Pentecost +2C - With a whisper

Whispered

1 Kings 19:1-15a
Ahab told Jezebel all that Elijah had done, and how he had killed all the prophets with the sword. Then Jezebel sent a messenger to Elijah, saying, “So may the gods do to me, and more also, if I do not make your life like the life of one of them by this time tomorrow.” Then he was afraid; he got up and fled for his life, and came to Beer-sheba, which belongs to Judah; he left his servant there.

But he himself went a day’s journey into the wilderness, and came and sat down under a solitary broom tree. He asked that he might die: “It is enough; now, O Lord, take away my life, for I am no better than my ancestors.” Then he lay down under the broom tree and fell asleep. Suddenly an angel touched him and said to him, “Get up and eat.” He looked, and there at his head was a cake baked on hot stones, and a jar of water. He ate and drank, and lay down again. The angel of the Lord came a second time, touched him, and said, “Get up and eat, otherwise the journey will be too much for you.” He got up, and ate and drank; then he went in the strength of that food forty days and forty nights to Horeb the mount of God. At that place he came to a cave, and spent the night there.

Then the word of the Lord came to him, saying, “What are you doing here, Elijah?” He answered, “I have been very zealous for the Lord, the God of hosts; for the Israelites have forsaken your covenant, thrown down your altars, and killed your prophets with the sword. I alone am left, and they are seeking my life, to take it away.”

He said, “Go out and stand on the mountain before the Lord, for the Lord is about to pass by.” Now there was a great wind, so strong that it was splitting mountains and breaking rocks in pieces before the Lord, but the Lord was not in the wind; and after the wind an earthquake, but the Lord was not in the earthquake; and after the earthquake a fire, but the Lord was not in the fire; and after the fire a sound of sheer silence. When Elijah heard it, he wrapped his face in his mantle and went out and stood at the entrance of the cave.
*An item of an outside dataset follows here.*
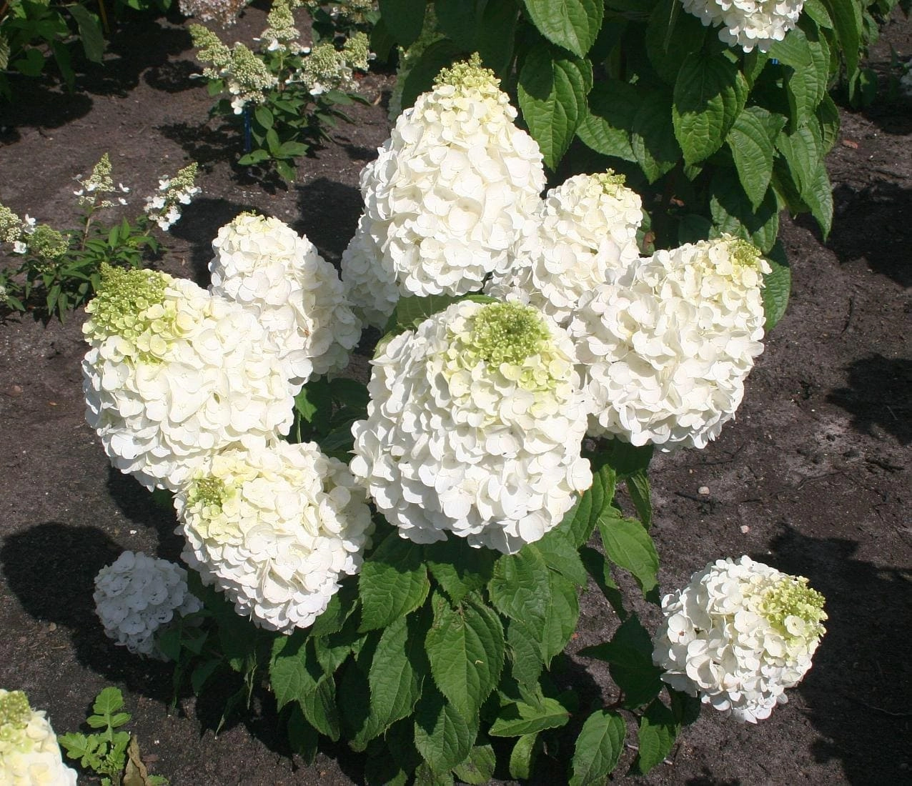 Гортензия метельчатая Мэджикал Монблан. Превосходный сорт из серии Magical. Куст ровный, компактный, побеги все одной длины (взрослое растение — 150 см). Соцветия широко-пирамидальные, остроконечные, состоят из крупных стерильных цветков. Цветки в нижней части соцветия белоснежные, в верхней зеленые, по мере взросления в нижней части кремовые, в верхней — белоснежные. Способна украсить полутенистые сыроватые места. Для посадки гортензии выбирают либо солнечное, либо полутенистое место. Гортензии нуждаются в достаточной влажности, Почва должна быть очень плодородной, влажной, отлично дренированной, с кислой реакцией. Лучшие почвы – суглинки. Но можно посадить цветок и в песчаную почву, только в ней его придется чаще поливать. На зиму требуется укрытие.
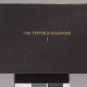 Album is bound in textured black material. The title, "The Terrible Solomons I," is embossed in the center of cover in gold lettering. The number '63" is affixed to the top of spine with glue. Images are of indigenous people and places as well as Western inhabitants of the Solomon Islands. Very light wear on surface and edges. Front edge of spine has moderate wear.

Then there came a voice to him that said, “What are you doing here, Elijah?” He answered, “I have been very zealous for the Lord, the God of hosts; for the Israelites have forsaken your covenant, thrown down your altars, and killed your prophets with the sword. I alone am left, and they are seeking my life, to take it away.” Then the Lord said to him, “Go, return on your way to the wilderness of Damascus.”


Luke 8:26-39
Then [Jesus and his disciples] arrived at the country of the Gerasenes, which is opposite Galilee. As he stepped out on land, a man of the city who had demons met him. For a long time he had worn no clothes, and he did not live in a house but in the tombs. When he saw Jesus, he fell down before him and shouted at the top of his voice, “What have you to do with me, Jesus, Son of the Most High God? I beg you, do not torment me”—for Jesus had commanded the unclean spirit to come out of the man. (For many times it had seized him; he was kept under guard and bound with chains and shackles, but he would break the bonds and be driven by the demon into the wilds.) Jesus then asked him, “What is your name?” He said, “Legion”; for many demons had entered him. They begged him not to order them to go back into the abyss.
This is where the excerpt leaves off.